WORK REQUEST: Every line of the listing is returned unchanged, and every picture is dropped.

[Start of section]

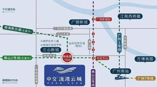 :项目最大的交通优势在于三轨双站,佛山地铁 2 号线与南海新交通(南海有轨电车 1 号线)在林岳西站交汇,业主下楼步行即可到达地铁站。搭乘地铁,2 站就能抵达广州南站,这里是华南地区重要的交通枢纽,方便前往全国各地;5 站可到达广钢新城,进一步加强与广州核心区域的联系。此外,在建的佛山 4 号线 号线站点也在附近,未来轨道交通将更加完善,居民出行选择更多,能更便捷地穿梭于广佛两地。
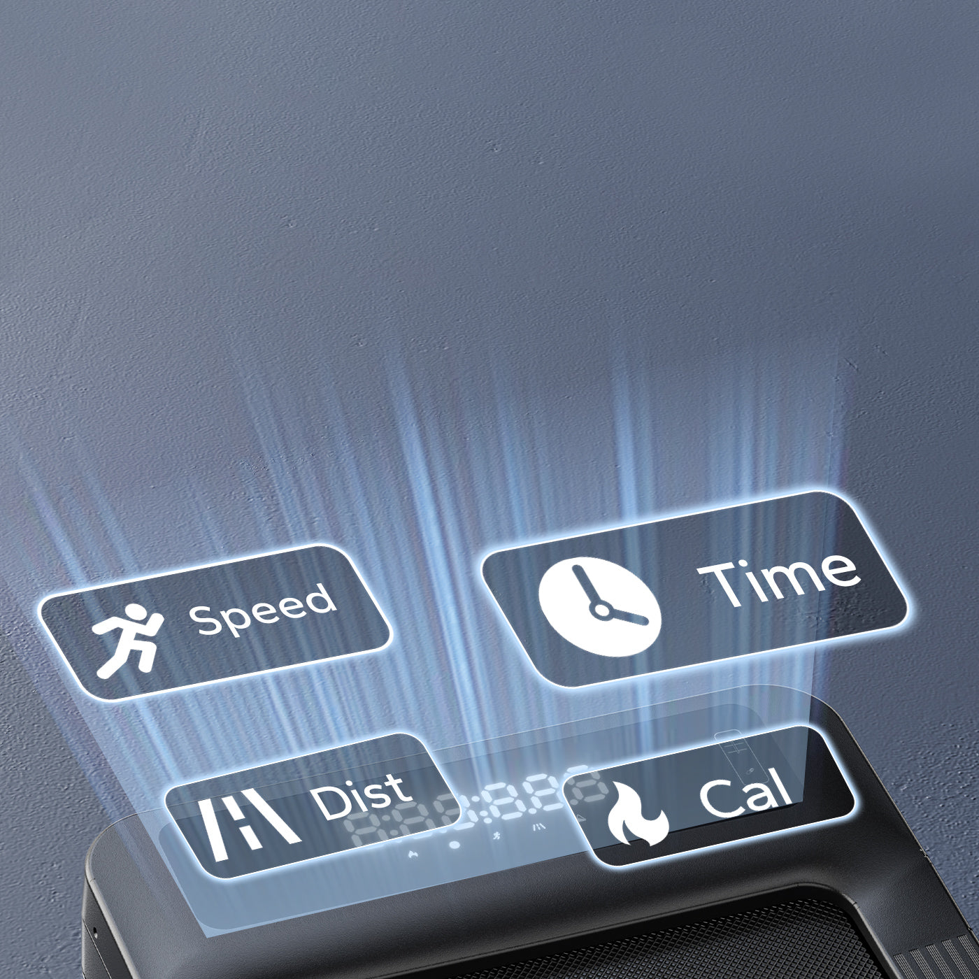 - LED Data Display: Calories, Time, Speed, Distance, Incline
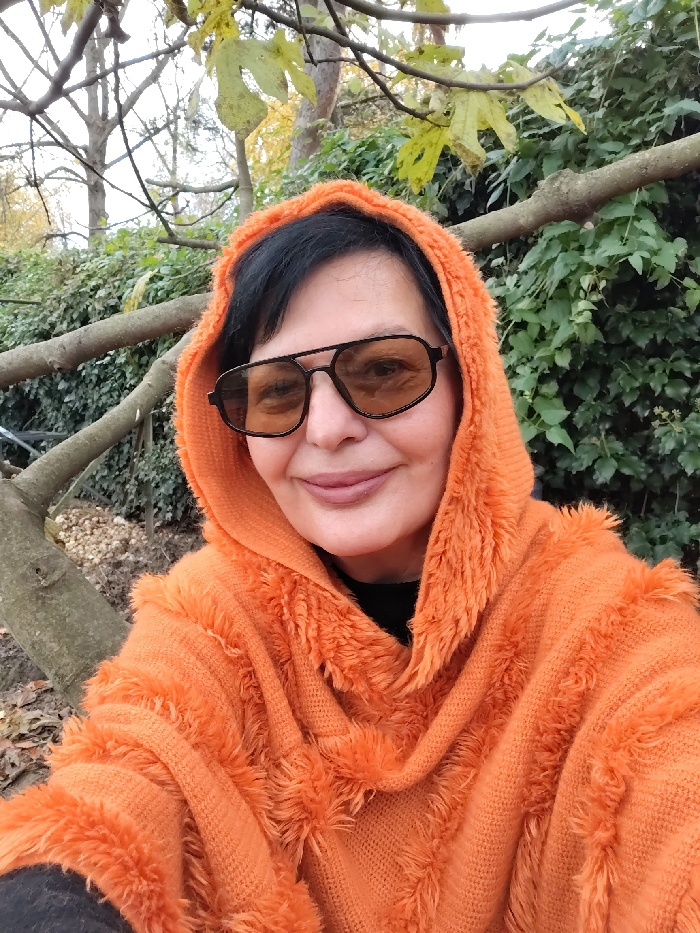 A medium close-up, selfie-style photograph depicts an adult female positioned centrally within an outdoor green space in the city of Strasbourg, France. The subject has short, dark hair and wears dark-framed aviator-style sunglasses with amber-tinted lenses. Her lips are a light pink/nude color, and she displays a subtle closed-mouth smile, gazing directly at the camera. She is dressed in a bright orange hooded garment, appearing to be a poncho or sweater, characterized by a knitted texture interspersed with vertical strips of shaggy, faux-fur-like material. A black garment is visible underneath. The background consists of natural elements: dense green foliage forms a wall behind and to the right of the subject, while bare or sparsely leafed tree branches, some with yellowed leaves indicative of autumn, crisscross the upper and left portions of the frame. The ground visible on the far left shows scattered fallen leaves and light-colored debris. The scene is illuminated by natural, diffused daylight.
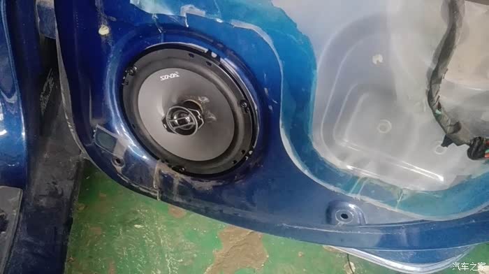 左后门安装完效果,运气不错的就是,随便拿了一对6寸喇叭,还买了一对免打孔改装垫回来,结果安装发现喇叭和车门螺丝孔完美对上,不用打孔,也不用改装垫,乐!
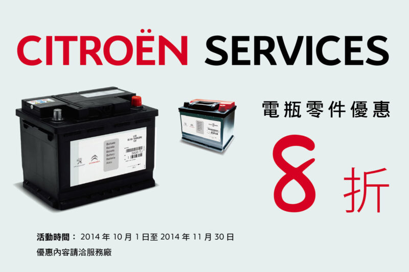 2014年CITROËN SERVICES 原廠零件優惠活動感謝車主們熱情支持,活動即將進入尾聲,CITROËN總代理 寶嘉聯合推出第七波精選 ─ 電瓶特惠…

[End of section]

WRITTEN REPLY:
 :项目最大的交通优势在于三轨双站,佛山地铁 2 号线与南海新交通(南海有轨电车 1 号线)在林岳西站交汇,业主下楼步行即可到达地铁站。搭乘地铁,2 站就能抵达广州南站,这里是华南地区重要的交通枢纽,方便前往全国各地;5 站可到达广钢新城,进一步加强与广州核心区域的联系。此外,在建的佛山 4 号线 号线站点也在附近,未来轨道交通将更加完善,居民出行选择更多,能更便捷地穿梭于广佛两地。
 - LED Data Display: Calories, Time, Speed, Distance, Incline
 A medium close-up, selfie-style photograph depicts an adult female positioned centrally within an outdoor green space in the city of Strasbourg, France. The subject has short, dark hair and wears dark-framed aviator-style sunglasses with amber-tinted lenses. Her lips are a light pink/nude color, and she displays a subtle closed-mouth smile, gazing directly at the camera. She is dressed in a bright orange hooded garment, appearing to be a poncho or sweater, characterized by a knitted texture interspersed with vertical strips of shaggy, faux-fur-like material. A black garment is visible underneath. The background consists of natural elements: dense green foliage forms a wall behind and to the right of the subject, while bare or sparsely leafed tree branches, some with yellowed leaves indicative of autumn, crisscross the upper and left portions of the frame. The ground visible on the far left shows scattered fallen leaves and light-colored debris. The scene is illuminated by natural, diffused daylight.
 左后门安装完效果,运气不错的就是,随便拿了一对6寸喇叭,还买了一对免打孔改装垫回来,结果安装发现喇叭和车门螺丝孔完美对上,不用打孔,也不用改装垫,乐!
 2014年CITROËN SERVICES 原廠零件優惠活動感謝車主們熱情支持,活動即將進入尾聲,CITROËN總代理 寶嘉聯合推出第七波精選 ─ 電瓶特惠…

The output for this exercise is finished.